New Delhi: It has been 46 years since India and Pakistan signed the Simla Agreement to settle all disagreements and difficulties between the two nations peacefully. The agreement sought to reverse the repercussions of the 1971 conflict. Relations between India and Pakistan had been difficult since Partition and had deteriorated further during the 1971 war, which also resulted in the formation of Bangladesh, formerly known as East Pakistan. Six months after Bangladesh’s liberation, then-Prime Minister Indira Gandhi and former Pakistan President Zulfiqar Ali Bhutto met in Shimla on July 2, 1972, to sign an agreement outlining a framework for mutual dispute settlement.

The Simla Agreement, rather than the 1949 UN Security Council decision, would be the touchstone between the two countries for future discussions and conflicts. India agreed to hand over 90,000 prisoners of war seized from Pakistan. In exchange, Bhutto pledged — he offered Mrs. Gandhi personal guarantees — that he would come home and transform the Line of Control that divided Kashmir into an international boundary.

The agreement’s main implications;

  • Both nations will have direct negotiations to resolve any conflicts and difficulties peacefully, with no intermediary or third party present.
  • Transit facilities will be built so that individuals from both nations may travel.
  • Business and commercial relations will be resumed as soon as possible.
  • The lands taken by India during the 1971 war in Pakistan will be returned.
  • Both nations will collaborate to advance science and culture.
  • They must constantly uphold each other’s national unity, territorial integrity, political independence, and sovereign equality.

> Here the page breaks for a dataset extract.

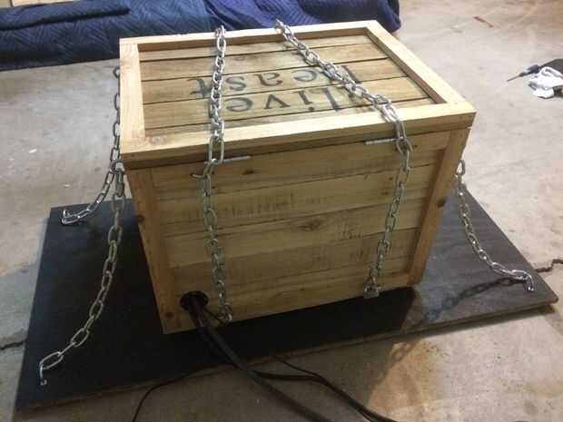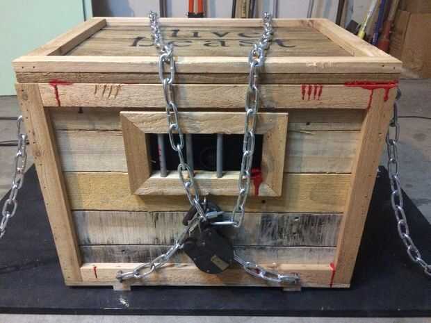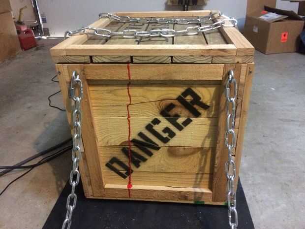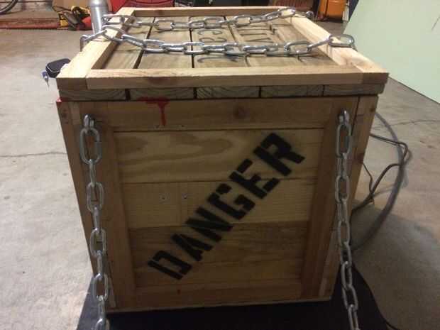 Pinté la base negra plana por lo que no destaca tanto. He añadido algo de sangre falsa alrededor de la tapa de apertura y por los lados. Encontré que la pintura puff rojo funciona muy bien para esto. He añadido algunas plantillas en los lados y arriba a acabar.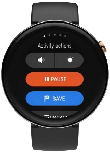Тоқтатқаннан кейін, әрекетіңізді аяқтау үшін "Save" (сақтау) опциясын таңдаңыз, әрекет режиміне қайта оралу үшін "Resume" (жалғастыру) опциясын таңдаңыз және ағымдағы әрекетті сақталмаған күйде қалдыру үшін "Discard" (бас тарту) опциясын таңдаңыз. Әрекетіңіз аяқталғаннан кейін, сағат осы әрекеттің мәліметтерін көрсетеді және сақтайды, және сіз оларды сағаттан немесе Amazfit қолданбасынан қайта тексере аласыз.

Some scholars say that Indira Gandhi should not have relied on Bhutto’s verbal guarantees and should have retained some influence. They claim that if she had pushed Bhutto to sign on the dotted line, transforming the LoC into an international boundary, the tortuous history of India-Pakistan relations would have been drastically different. Over the years, the two nations have seen constant strife and carnage — the Kargil war, the 2008 Mumbai attacks, decades of terrorism, and, most recently, the Pathankot and Uri assaults, as well as the deterioration of the Kashmir situation. Revisiting the Simla Agreement may serve to remind the neighbours of their inability to live true to the spirit of the historic agreement.